▶ _What needs to be done_
From the line that contains "경우) 반품이 불가합니다." to the final line of the records below, print each line exactly and leave every picture out.

▶ _Task inputs_
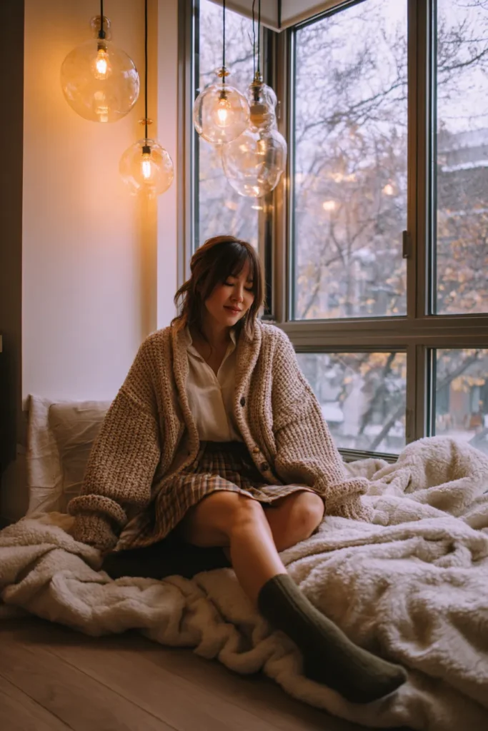 This outfit is the ultimate cozy winter-at-home look with a hint of charm. The woman is wearing a beige plaid mini skirt paired with a soft cream blouse and an oversized chunky knit cardigan that looks like a warm hug. Her thick wool socks complete the comfy vibe, making the outfit perfect for lounging by the window on a cold day. The soft lighting and textures create such a dreamy, intimate feel that’s effortlessly stylish and snug.
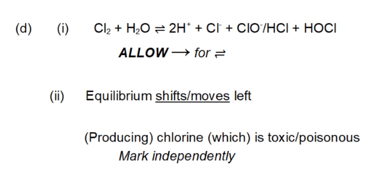 Explain how this affects the equilibrium established when chlorine is added to water.
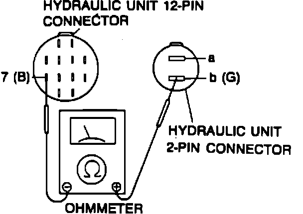 1. Disconnect hydraulic unit 12 pin connector, then check for continuity between terminal 7(B) and ground, Fig. 50.
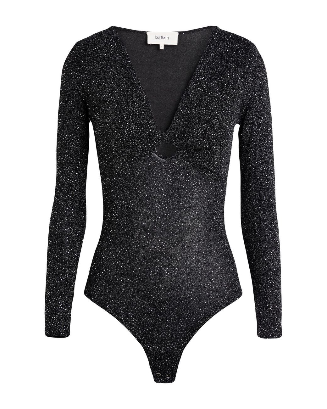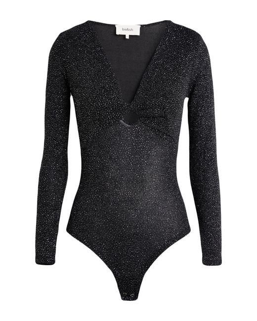 BA&SH. jersey, stretchy fabric, plain colour with appliqués, buckle, v-neck, long sleeves, hand wash, do not bleach, do not tumble dry. 65% Polyamide, 30% Metallic fibre, 5% Elastane. Colour: black
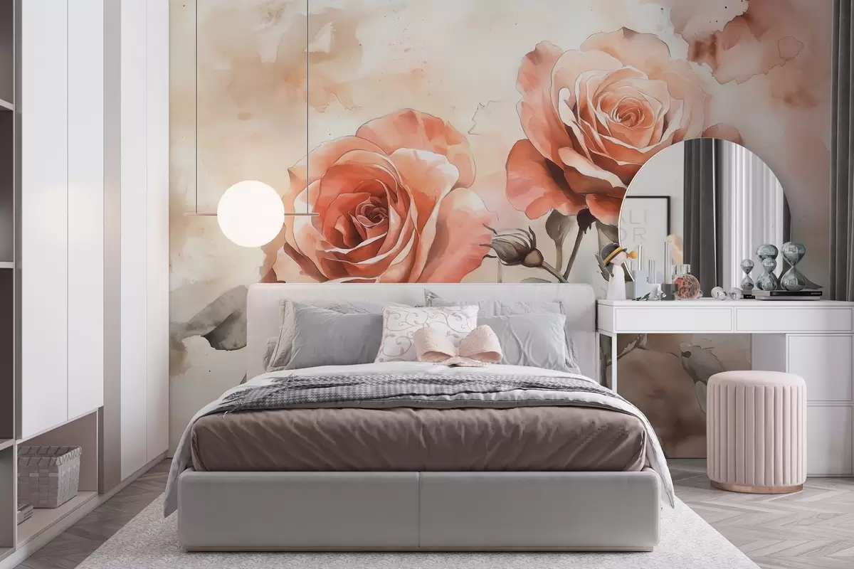 Тапете за зид Прелепе црвене руже у стилу акварела, цветне, беж боје бр. w02486
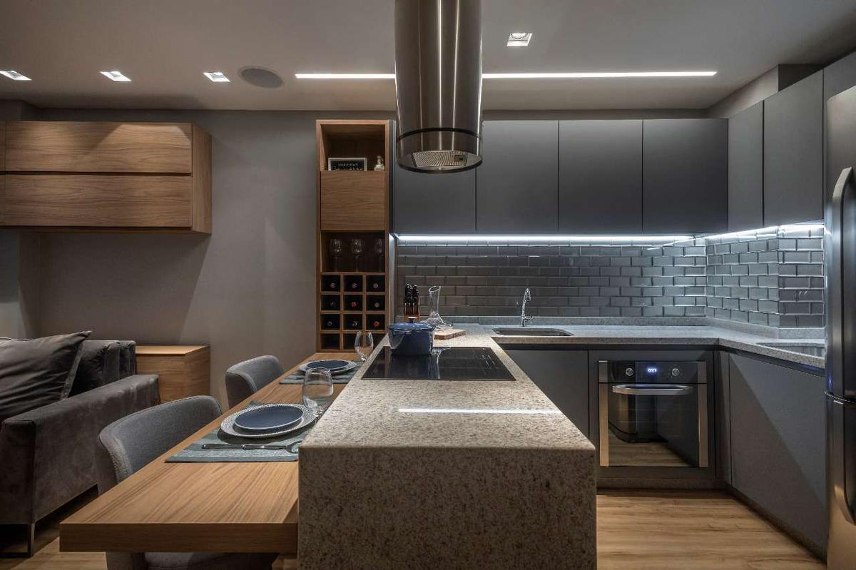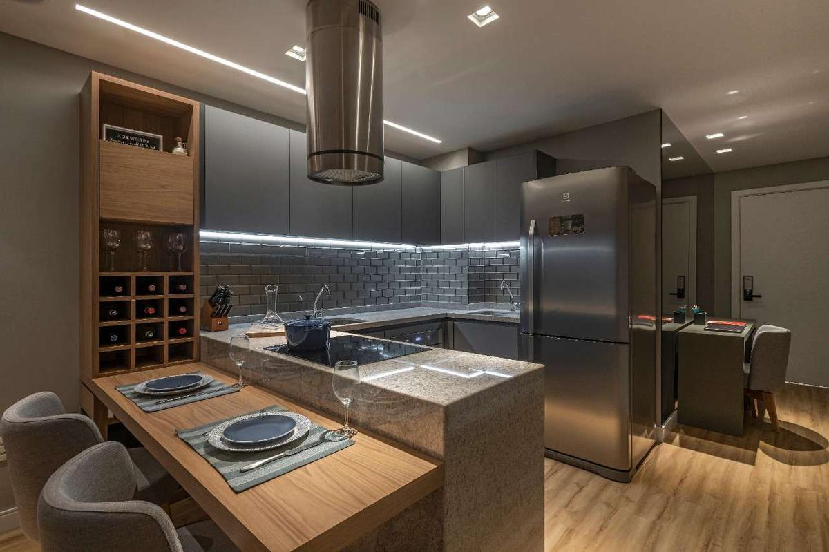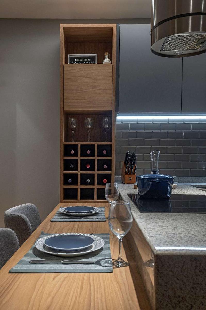 Cozinha: Com armários planejados e espaço para utensílios.
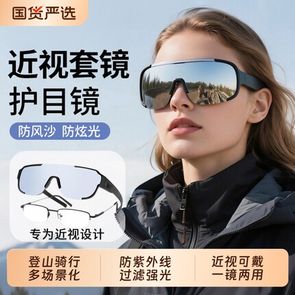 登山护目镜雪山骑行可戴眼镜近视套镜户外防风沙男女爬山墨镜圆脸
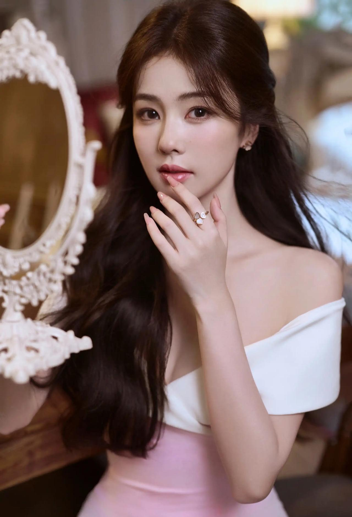 白鹿这身粉白裙,真不是一般美女能穿出来的。
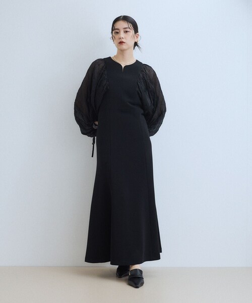 ◆2025-26秋冬◆ ADAM ET ROPE' FEMME 【Material】 身頃:落ち感があり皺になりにくい、ダブルクロス素材を使用。 袖:ワッシャー加工の入った軽やかなオーガンジー素材を使用。 【Design】 ボリューム感のあるシアースリーブが魅力的なワンピース。 袖付けのパターンや胸元の美しいカッティング、ハイウエストから緩やかに広がるマーメイドラインが大人っぽい1枚。 シアースリーブのアームホールはインナーが見えすぎない様に、ボディーに当て布が付いているのも細かいポイント。 袖口のリボンでギャザー分量の調節も可能で、サイドにポケット付き。 ※昨年にご好評いただいた(品番:GAE54500)と同型・同素材、新色追加アイテムです。 【Color】 大人っぽいブラック、配色が華やかなブラック×ブラウン、新色のネイビー×ブラックの3色展開。 【Styling Point】 サンダルやパンプスでオケージョン対応として着用したり、ブーツ合わせでデイリーに着用するのもおすすめ。 --------------- 透け感:袖のみあり 裏地:あり 伸縮性:なし 光沢感:なし 生地の厚さ:やや厚手 開き方:ファスナー ポケット:なし --------------- ◇モデル情報 身長:160cm size:38(前髪なし結びヘア) 身長:164cm size:38(ブラウンヘア) 身長:165cm size:38(前髪あり結びヘア)
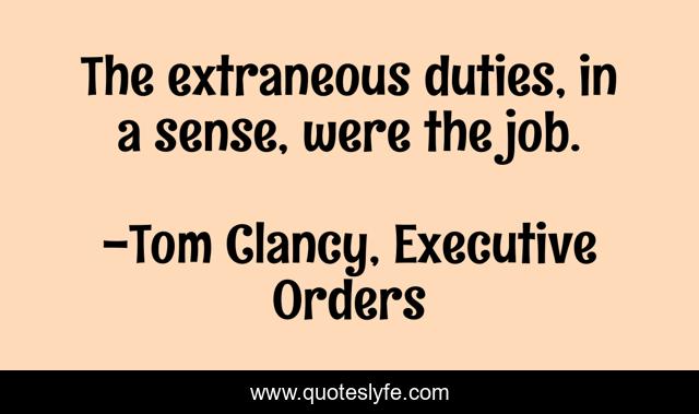 This page presents the quote "The extraneous duties, in a sense, were the job.". Author of this quote is Tom Clancy, Executive Orders. This quote is about job, vocation, extra-mile, calling,.
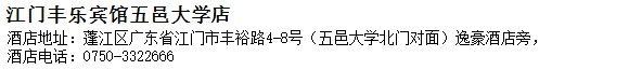 酒店地址:江門 蓬江區 廣東省江門市豐裕路4-8號(五邑大學北門對面)逸豪酒店旁,
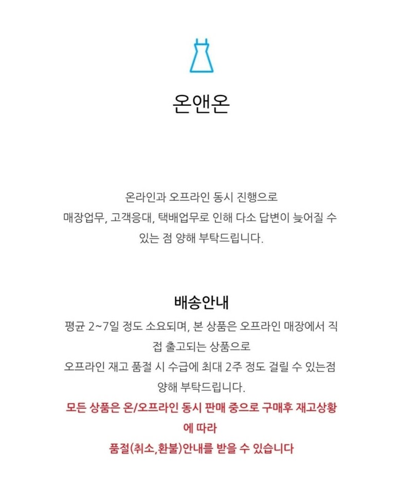 • 처음 배송된 상품상태와 다를 경우(세탁/착용 후 외출하신 경우) 반품이 불가합니다.
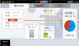 エコレポート画面で表示される売買電力の単価や料金などは目安です。正しくは、ご契約の電力会社などから通知される料金をご確認ください。 |

▶ _Task result_
 • 처음 배송된 상품상태와 다를 경우(세탁/착용 후 외출하신 경우) 반품이 불가합니다.
 エコレポート画面で表示される売買電力の単価や料金などは目安です。正しくは、ご契約の電力会社などから通知される料金をご確認ください。 |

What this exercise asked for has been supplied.